# Task description
Leave the images out and repeat the data exactly as given.

# Data section
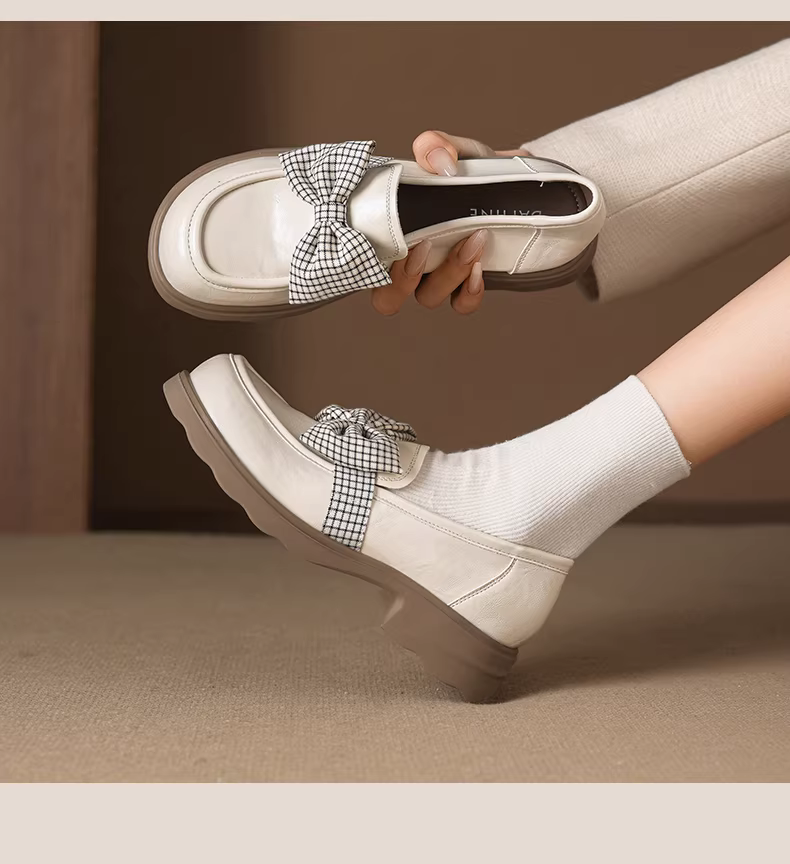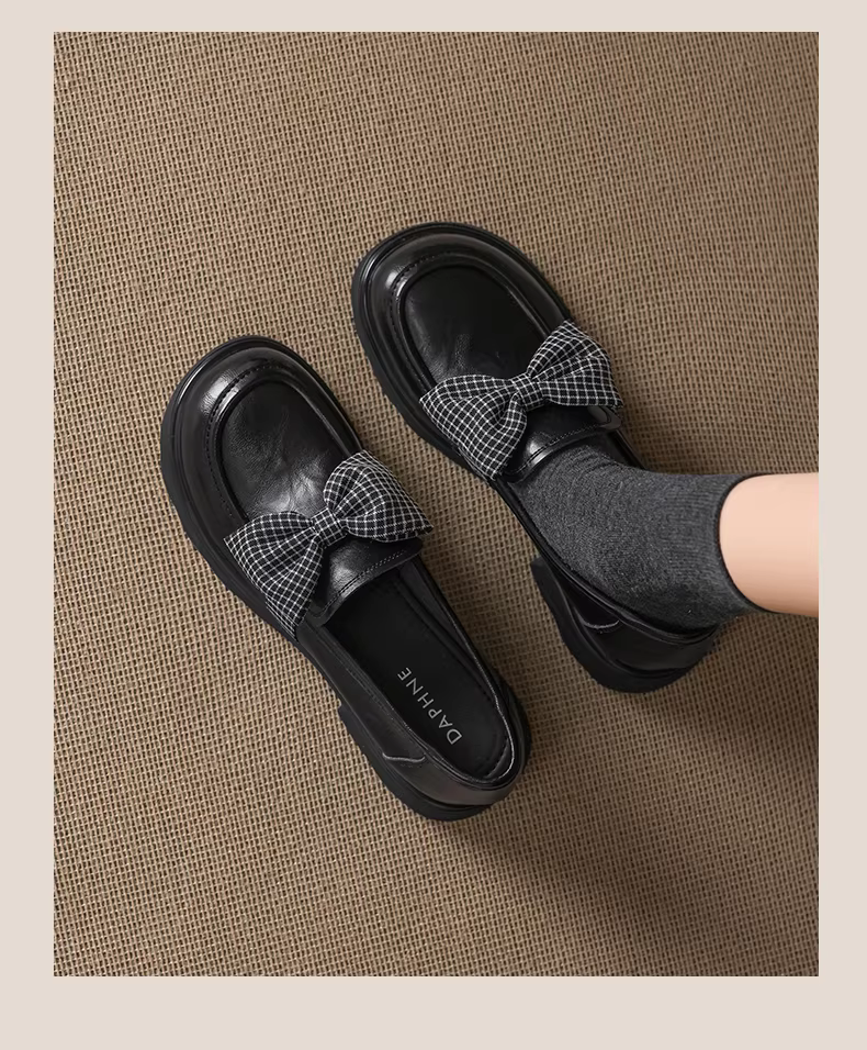 - Giày đế dày Daphne dành cho nữ 2026 mùa xuân mới phong cách Anh quốc Giày đi làm JK giày da đế mềm màu đen
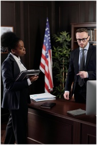 Two colleagues engaged in a discussion in a formal office setting with an American flag.
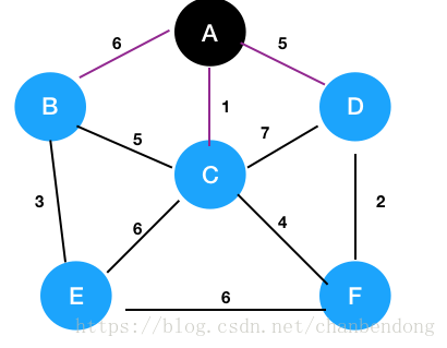 以上图为例,假设初始点为a,把连接A点的线标记为紫线
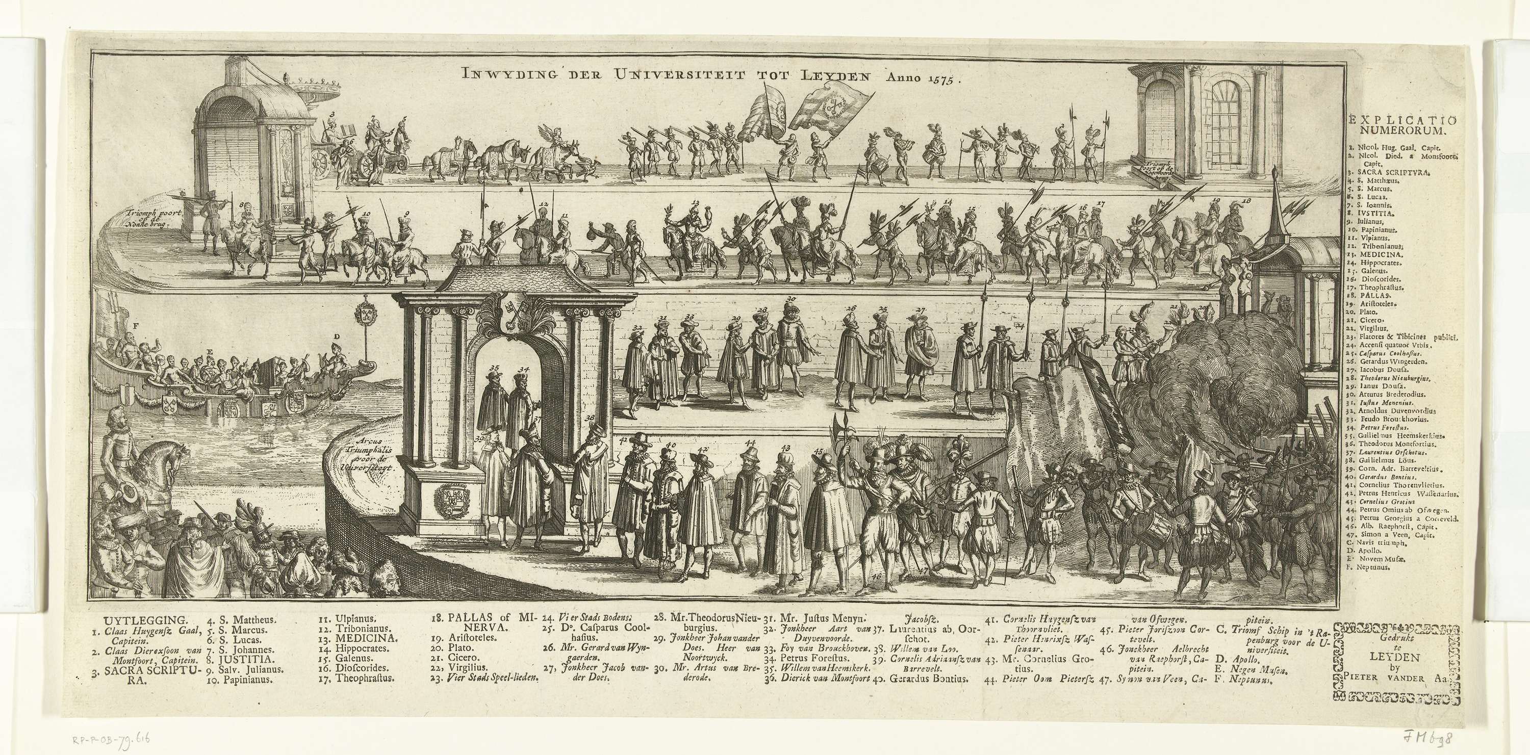 Optocht bij de inwijding van Universiteit van Leiden, 8 februari 1575. Stoet in drie rijen boven elkaar afgebeeld. Rechtsonder soldaten, muzikanten, vaandeldragers en vreugdeschoten. Links lopen hoogwaardigheidsbekleders en professoren door een triomfpoort met het wapen van Leiden. Linksonder het schip met Neptunus, Apollo en de negen muzen. Elementen in de voorstelling aangeduid met cijfers en ...

# Response area
 - Giày đế dày Daphne dành cho nữ 2026 mùa xuân mới phong cách Anh quốc Giày đi làm JK giày da đế mềm màu đen
 Two colleagues engaged in a discussion in a formal office setting with an American flag.
 以上图为例,假设初始点为a,把连接A点的线标记为紫线
 Optocht bij de inwijding van Universiteit van Leiden, 8 februari 1575. Stoet in drie rijen boven elkaar afgebeeld. Rechtsonder soldaten, muzikanten, vaandeldragers en vreugdeschoten. Links lopen hoogwaardigheidsbekleders en professoren door een triomfpoort met het wapen van Leiden. Linksonder het schip met Neptunus, Apollo en de negen muzen. Elementen in de voorstelling aangeduid met cijfers en ...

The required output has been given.